Primero fue el ex embajador Carlos Pascual y luego fue el turno del presidente Barack Obama. Los dos coinciden en que Felipe Calderón tiene “frustración” por no ver resultados en la lucha contra el narcotráfico. El tono tiene una combinación entre definición e ironía. Indirectamente se lanza una crítica a la estrategia en la lucha contra el narco. Es evidente que algo debe andar provocando la “frustración” después de 4 años de haberse puesto en marcha un programa que está generando lo que genera.
Vemos difícil que EU no haya tenido que ver con el proyecto del gobierno mexicano en contra de la delincuencia organizada.
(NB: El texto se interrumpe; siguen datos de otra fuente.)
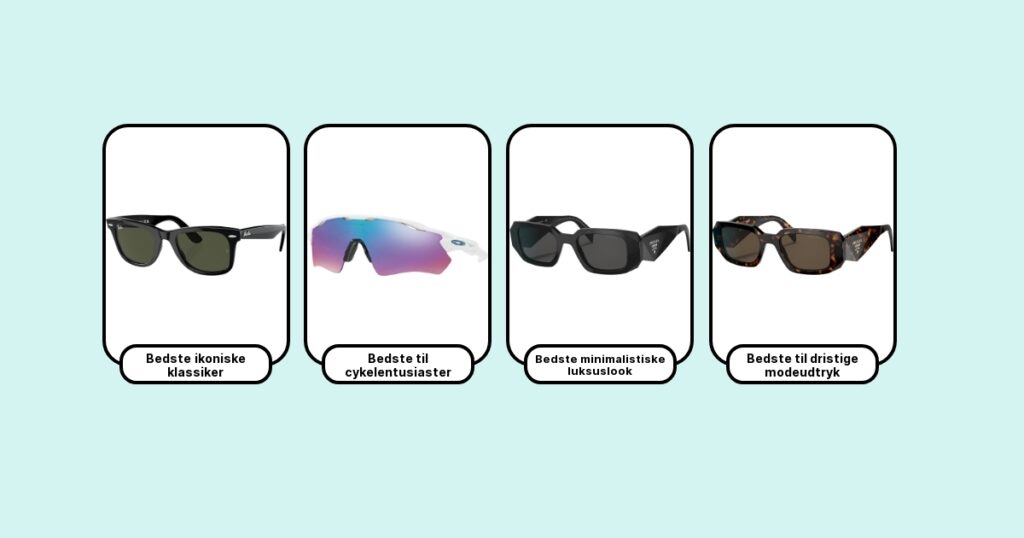 Efter mange års erfaring, både privat og professionelt, kommer her mine absolutte favoritter: Ray-Ban – for klassikerne, Oakley – til sport, Maui Jim – for tropisk klarhed, Persol – italiensk luksus, Polaroid – prisvenlig polarisering, Tom Ford – stil og elegance, og endelig Prada – eksklusivt og moderne design. Uanset om du vælger én af dem, eller går din egen vej, så sørg for at dine solbriller matcher både dine behov, din stil – og ikke mindst beskytter dine øjne optimalt.
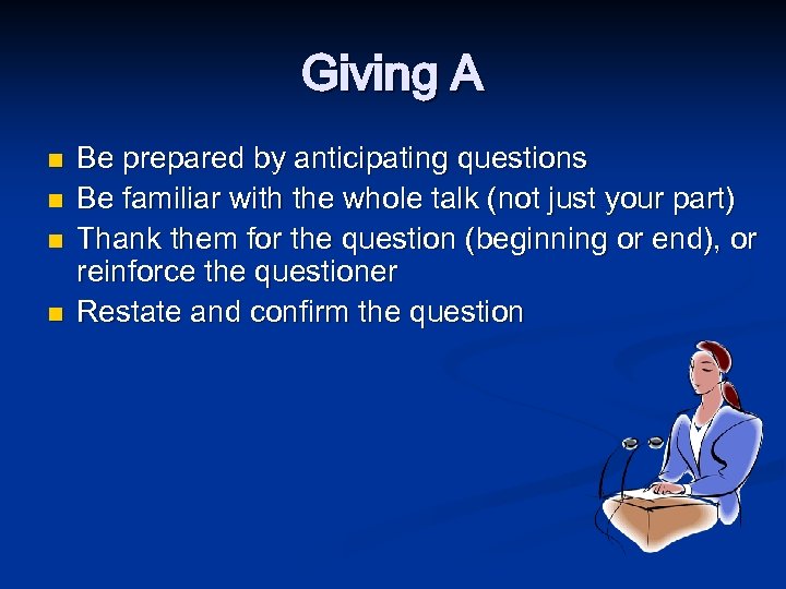 Giving A n n Be prepared by anticipating questions Be familiar with the whole talk (not just your part) Thank them for the question (beginning or end), or reinforce the questioner Restate and confirm the question

En varios foros se ha argumentado que la decisión y la instrumentación de la estrategia tuvo el aval de parte de Washington. Si así fuera, la “frustración” debe ser compartida. Evidentemente algo no anda jalando, más allá del jugueteo con el tema de la “frustración”. A este paso, hacia el final del sexenio la cifra de muertos, entre delincuentes, policías, militares y los llamados “daños colaterales”, podrían alcanzar los 60 mil. Lo peor es la muerte, pero lo que le sigue y está cada vez más a la vista -lo cual puede ser ocasión de escenarios todavía mas violentos e inéditos- es que no se ve que las condiciones bajo las que estamos vayan a cambiar. El problema es antes que nada nuestro, pero también le pega muy en serio a los que quizá avalaron la estrategia.
Al final del sexenio nadie le va a levantar la mano a nadie para declararlo ganador de algo que llamaron “guerra” y hoy definen como “lucha contra la delincuencia organizada”. Van más de 4 años de violencia y confusión. En función de lo que falta para que termine el sexenio, lo más sensato es replantearse la estrategia. Hay que abrir los espacios para sensibilizar a todos que lo que viene es la inevitable legalización, porque a estas alturas no podemos soslayar el gran problema que ya tenemos con el consumo, en particular entre los jóvenes.









No solo pudiera existir responsabilidad compartida sino pudiera ser que EU fuera el artifice original del combate; posibilitando así a FCH una oportunidad de legitimacion ante un presunto fraude. Estas son las oportunidades que esperan paises como EU ante la carente legitimidad de gobermantes y que ahora padece tambien Kadafi aunte d distinta forma.